OE2016

Orçamento corre "evidentes riscos de incumprimento"

Orçamento corre "evidentes riscos de incumprimento"

A Unidade Técnica de Apoio Orçamental considerou esta quinta-feira, que o esboço do Orçamento do Estado para 2016 apresentado "corre evidentes riscos de incumprimento" quanto ao ajustamento estrutural.

Na sua análise preliminar ao esboço do OE2016, a que a Lusa teve hoje acesso, a Unidade Técnica de Apoio Orçamental (UTAO) refere que, "tendo em consideração as Recomendações do Conselho de 2015 relativas ao Semestre Europeu, o esboço do OE2016 corre evidentes riscos de incumprimento ao nível do ajustamento estrutural".

Isto porque, justificam os técnicos independentes que apoiam o parlamento, Portugal não está apenas obrigado a cumprir o limite de 3% do défice orçamental, está também vinculado a "um conjunto de regras orçamentais numéricas que introduzem restrições adicionais, nomeadamente ao nível da redução da dívida pública, ao nível da taxa de crescimento da despesa pública e também ao nível do défice estrutural e da sua convergência para o objetivo de médio prazo", que no caso de Portugal é de défice de 0,5% do PIB (Produto Interno Bruto) potencial.
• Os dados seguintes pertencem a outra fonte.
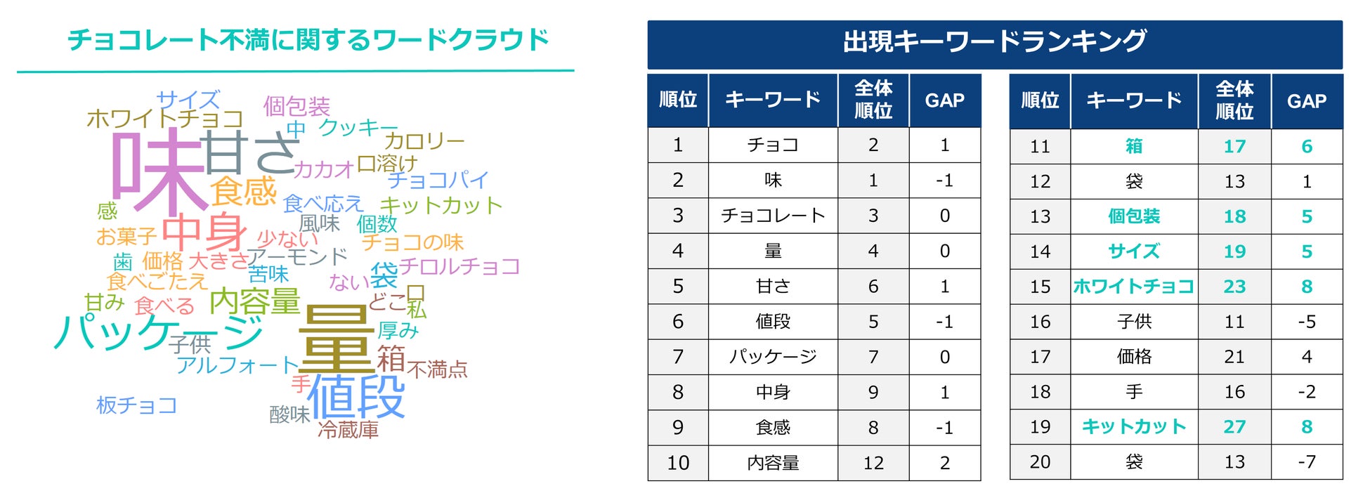 TOP20圏外を含め、チョコレートに対する不満について特徴的なキーワードとしてピックアップしたものは以下のとおり。

Por isso, a UTAO considera que "pode antecipar-se desde já a existência de um incumprimento ao nível da regra da variação do saldo estrutural", que exclui os efeitos do ciclo económico.

Além disso, os técnicos independentes entendem que "muitas das medidas identificadas pelo Ministério das Finanças como 'one-off' não cumprem os requisitos para serem identificadas como tal" e enumera mesmo as "diversas irregularidades" quanto à consideração destas medidas como medidas extraordinárias.

De acordo com a UTAO, "são incluídas medidas que foram igualmente consideradas como medidas discricionárias, tais como o efeito da reposição das reduções salariais ou devolução da sobretaxa de IRS, entre outras" e são também "identificadas medidas de aumento de despesa (portanto, aumento do défice) que não se enquadram nas regras definidas por não serem pontuais", além de serem identificadas medidas de redução de receita (portanto, aumento do défice) face ao ano anterior que "também não respeitam as referidas regras".

No seu conjunto, estas medidas que o ministério tutelado por Mário Centeno classificou como sendo 'one-off' "totalizam 1,7% do PIB em 2015 e 1% do PIB em 2016", estima a UTAO.

Os economistas desta Unidade Técnica advertem que "a identificação indevida de medidas 'one-off' de agravamento do défice orçamental - isto é, operações que aumentam despesas ou diminuem receitas - contribui para melhorar artificialmente o esforço orçamental, interferindo com a medição da variação do saldo estrutural conforme estabelecido no Pacto de Estabilidade e Crescimento".

A UTAO estima que, se forem consideradas apenas as medidas que habitualmente a Comissão Europeia e o Conselho de Finanças Públicas classificam como extraordinárias, "o défice estrutural subjacente ao esboço de OE2016 aumenta em 2015 e 2016, em vez de diminuir".

Segundo os técnicos, olhando apenas para estas medidas que normalmente estas duas entidades consideram como extraordinárias, "o défice estrutural subjacente ao esboço do OE2016 agrava-se em 2015 e novamente em 2016, passando de 1,7% para 2,1% do PIB potencial".

Isto significaria que se alarga em 0,4 pontos percentuais do PIB potencial a distância relativamente ao objetivo de médio prazo, que é de alcançar um défice estrutural de 0,5% do PIB potencial".

No esboço do OE2016, que o Governo já enviou para Bruxelas e para a Assembleia da República, o executivo previu uma melhoria do défice estrutural de 0,2 pontos percentuais do PIB potencial, atingindo os 1,1% este ano.

A concretizar-se esta previsão do executivo, ela "revela-se insuficiente relativamente ao estabelecido na Lei de Enquadramento Orçamental e no Tratado Orçamental", uma vez que o objetivo e que "o saldo estrutural convirja para o objetivo de médio prazo através de um ajustamento anual mínimo de 0,5 pontos percentuais do PIB potencial".

Nas recomendações feitas a Portugal em julho, Bruxelas tinha indicado que o esforço de consolidação estrutural de Portugal deveria ser de 0,6 pontos percentuais do PIB percentual, pelo que o esforço anunciado pelo Governo se afigura inferior ao recomendado pela Comissão.